Les étrangers disent… merci l’Algérie

Marocains, Tunisiens, Sahraouis ou encore Américains, les rapatriés vers Alger la Blanche ont tous salué les efforts salutaires déployés par les autorités compétentes. Menna Mohamed Salem et Wahba Mohamed Mbarek, deux lycéennes en Libye, ont parlé à cœur ouvert. « Les Libyens ne nous ont jamais maltraités, mais les Algériens, par le fraternité et leurs aides précieuses, ont eu toujours une place exceptionnelle dans nos cœurs », témoignent les deux jeunes filles, les larmes aux yeux. Les Sahraouis se sont bousculés pour s’exprimer.

« Patiente, il (journaliste) ne va pas partir avant qu’il ne nous interroge », dira l’une d’elles. Quand Souad El Bachir a été interrogée, la petite n’hésita pas à lancer : « Je souhaite l’indépendance pour mon pays (RASD) et le retour au calme pour la Libye». Pour les autres étrangers, à l’image d’une sexagénaire d’origine marocaine, « les autorité sont remerciées pour cette bonne initiative ». « Ce n’est pas nouveau pour l’Etat algérien » a souligné une source diplomatique marocaine, voulant garder l’anonymat, venue accueillir les ressortissants marocains.
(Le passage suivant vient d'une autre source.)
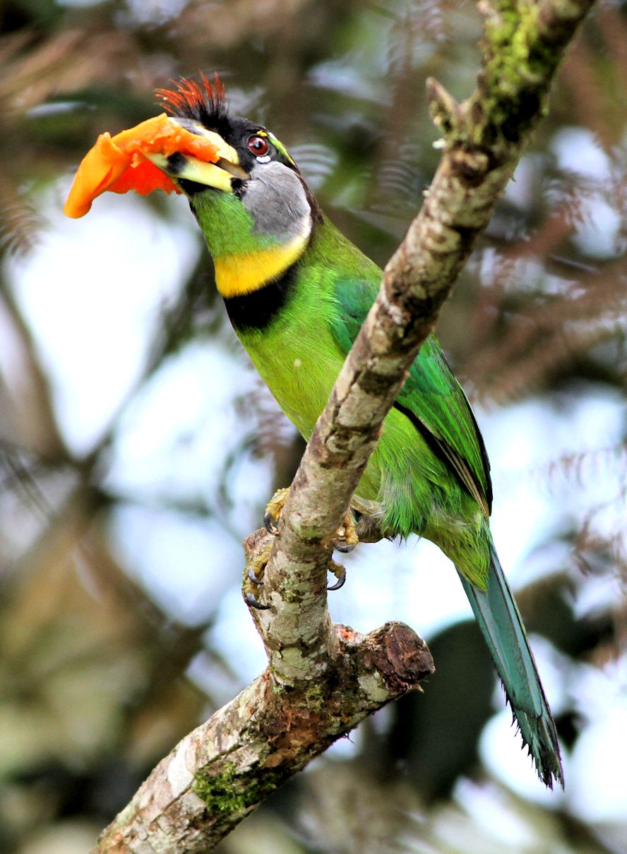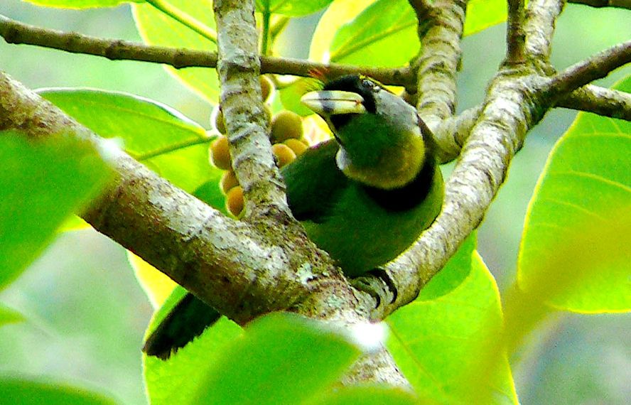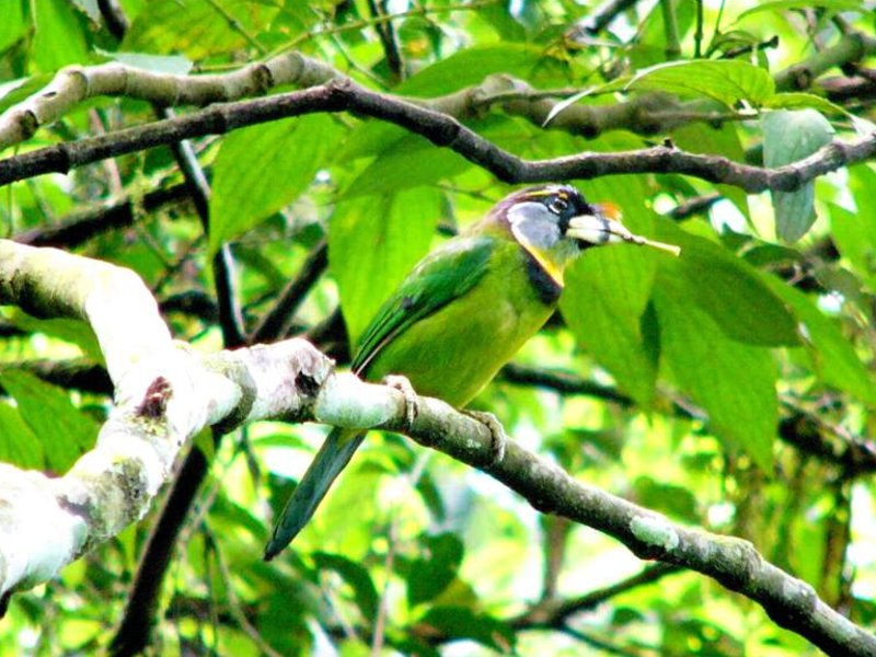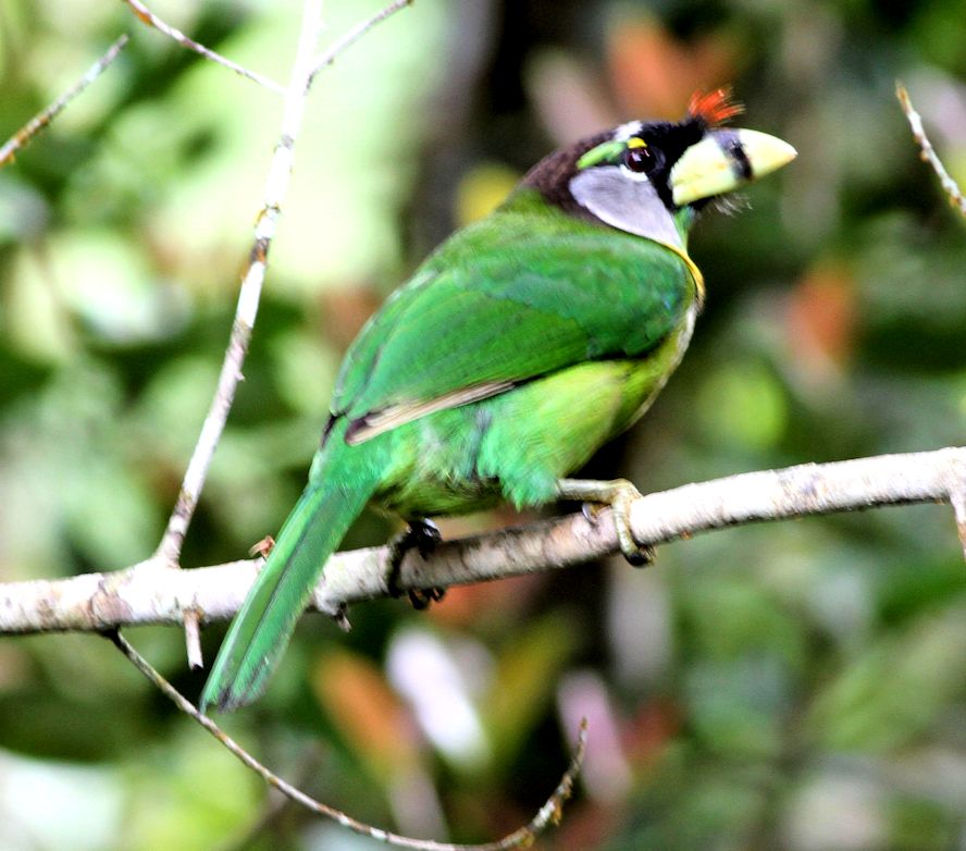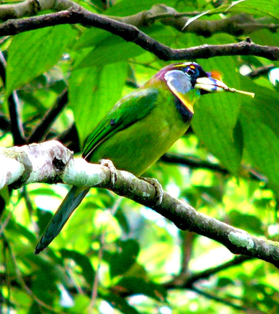 Size & diagnostic markings:- 28 Cm. Though not the largest but this is a big Barbet. This unique bird has ivory-greenish bill with a faint vertical black band at the center. Throat whitish with a yellow band across the chest lined in black. More features - the forehead and lores black with a prominent red tuft appearing as spines from the base of the upper bill. Distribution :- This is a bird from Sumatra but also a very common bird in our sub-montane hill stations. Habitats & preferences:- For us, the Fire-tufted barbet stays in the forest of the sub-montane climate Fire-tufted Barbet is member of the club of big Barbets, though not the biggest. It is 28 cm and has an unique bill. Yellowish with vertical bands at the center. Though it is a large bird, not easy to spot this green bird among the foliage, even its rough whereabouts is betrayed by its call.. Its presence is announced by a series of Cicadas type calls. Again quite a common occurrence in the resort areas in Frasers Hills. It is not a shy bird and make no attempt to disappeared when human presence detected. Meaning they do visited gardens of holiday homes. I have seen them as a solitary bird but have also seen them in pairs, perhaps it was during the breeding season. Then when it comes to feeding in the fruiting season, the whole community of Fire-tufted would descend on that particular tree.

Le travail ne s’arrête pas là

Après le départ des derniers rapatriés, le personnel du navire Tassili II s’est donné une autre tâche. « C’est la dernière mi-temps. L’arbitre ne tardera pas à siffler », a lancé Mohamed, un matelot de 30 ans. L’équipage, après contrôle de routine, a commencé à nettoyer le navire. Sifflant et souriant, l’« essentiel pour nous c’est que la mission est accomplie». Allez les fainéants ! » lança un sexagénaire, les yeux cernés. Docteur Bensaida et son staff médical ne pouvaient que s’asseoir sur les bancs. « Nous somme très fatigués, mais nous allons nous reposer ! (…) nous avons réussi à les faire sortir d’une crise humanitaire » a-t-il ajouté en s’adossant. « Notre équipe a acquis de l’expérience durant la décennie noire », a indiqué le docteur. Dans le parking, les bus sont prêts pour se diriger vers la gare routière du Caroubier, l’équipe de Mme Belmiloud contrôlait la situation. Des câlins et des bisous ont été faits entre les rapatriés et… tout les présents. Hier vendredi à 00h00, mission accomplie. Bravo les Algériens.